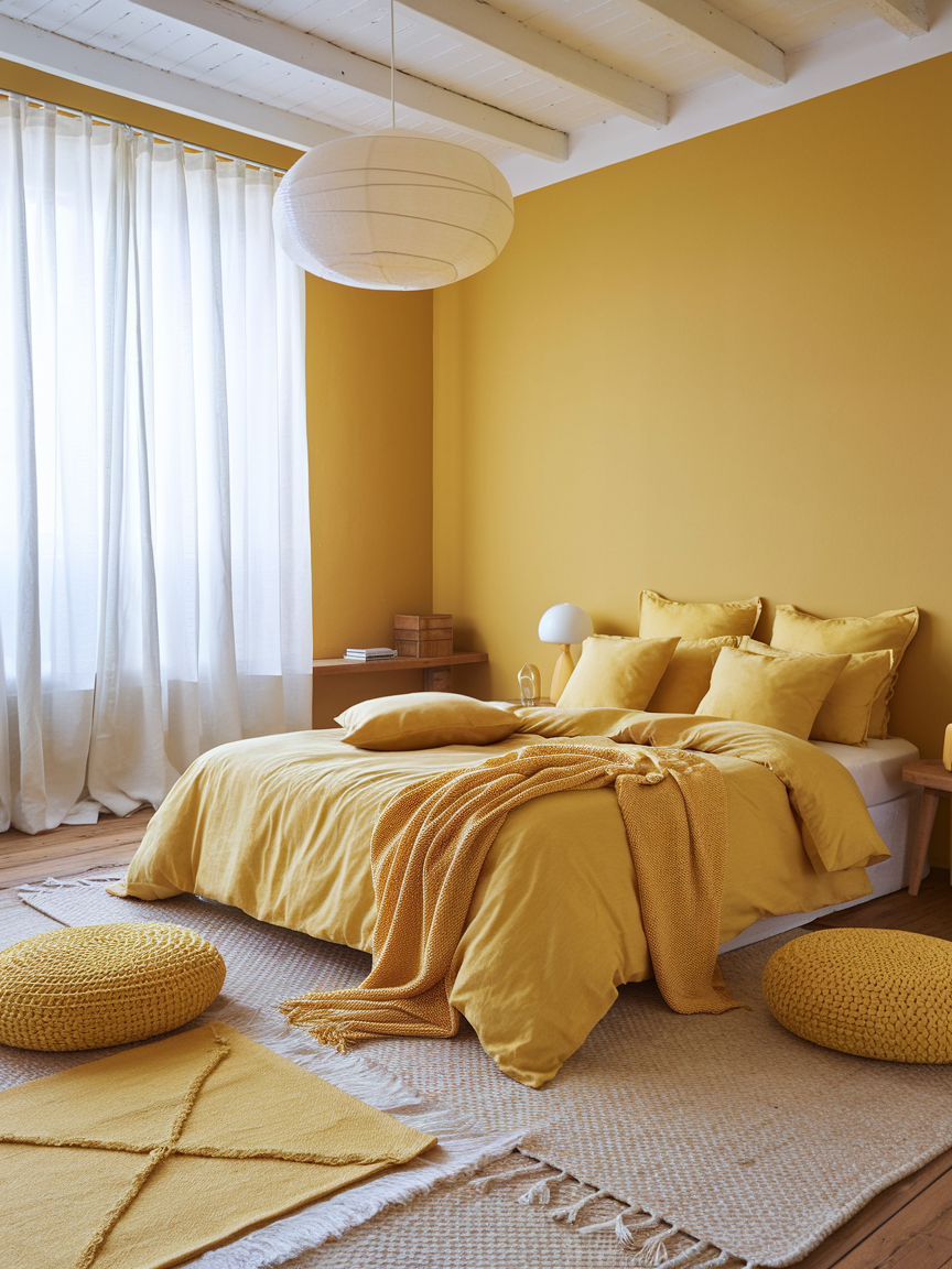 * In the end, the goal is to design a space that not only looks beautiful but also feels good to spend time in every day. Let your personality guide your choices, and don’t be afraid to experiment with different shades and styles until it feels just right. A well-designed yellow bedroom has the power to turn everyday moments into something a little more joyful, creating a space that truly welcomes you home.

--

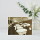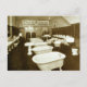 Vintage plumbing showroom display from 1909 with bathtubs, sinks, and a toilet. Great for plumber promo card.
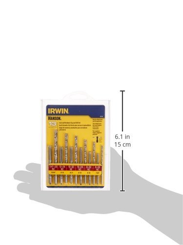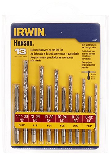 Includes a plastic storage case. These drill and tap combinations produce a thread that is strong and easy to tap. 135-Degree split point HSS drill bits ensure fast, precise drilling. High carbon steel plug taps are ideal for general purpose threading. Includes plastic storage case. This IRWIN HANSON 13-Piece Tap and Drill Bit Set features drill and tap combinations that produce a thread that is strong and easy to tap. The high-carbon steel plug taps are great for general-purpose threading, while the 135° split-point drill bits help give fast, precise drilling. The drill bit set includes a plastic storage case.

---

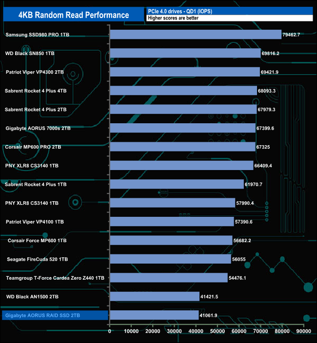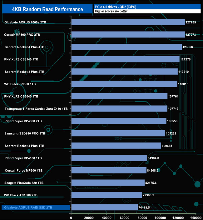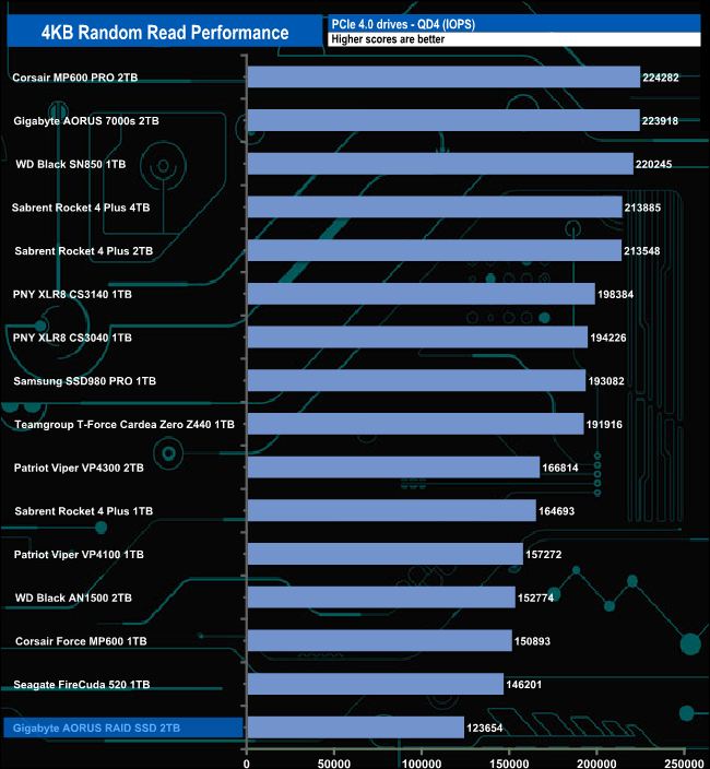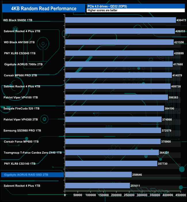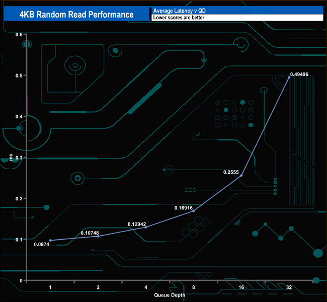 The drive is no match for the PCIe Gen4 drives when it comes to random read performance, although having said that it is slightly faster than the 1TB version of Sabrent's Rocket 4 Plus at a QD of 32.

### Problem details
Your copy should hold the lines from the one with "Vintage plumbing showroom" up to and including the one with "Includes a plastic storage case. These", exactly as in the data above, and no pictures.

### Solution below
 Vintage plumbing showroom display from 1909 with bathtubs, sinks, and a toilet. Great for plumber promo card.
 Includes a plastic storage case. These drill and tap combinations produce a thread that is strong and easy to tap. 135-Degree split point HSS drill bits ensure fast, precise drilling. High carbon steel plug taps are ideal for general purpose threading. Includes plastic storage case. This IRWIN HANSON 13-Piece Tap and Drill Bit Set features drill and tap combinations that produce a thread that is strong and easy to tap. The high-carbon steel plug taps are great for general-purpose threading, while the 135° split-point drill bits help give fast, precise drilling. The drill bit set includes a plastic storage case.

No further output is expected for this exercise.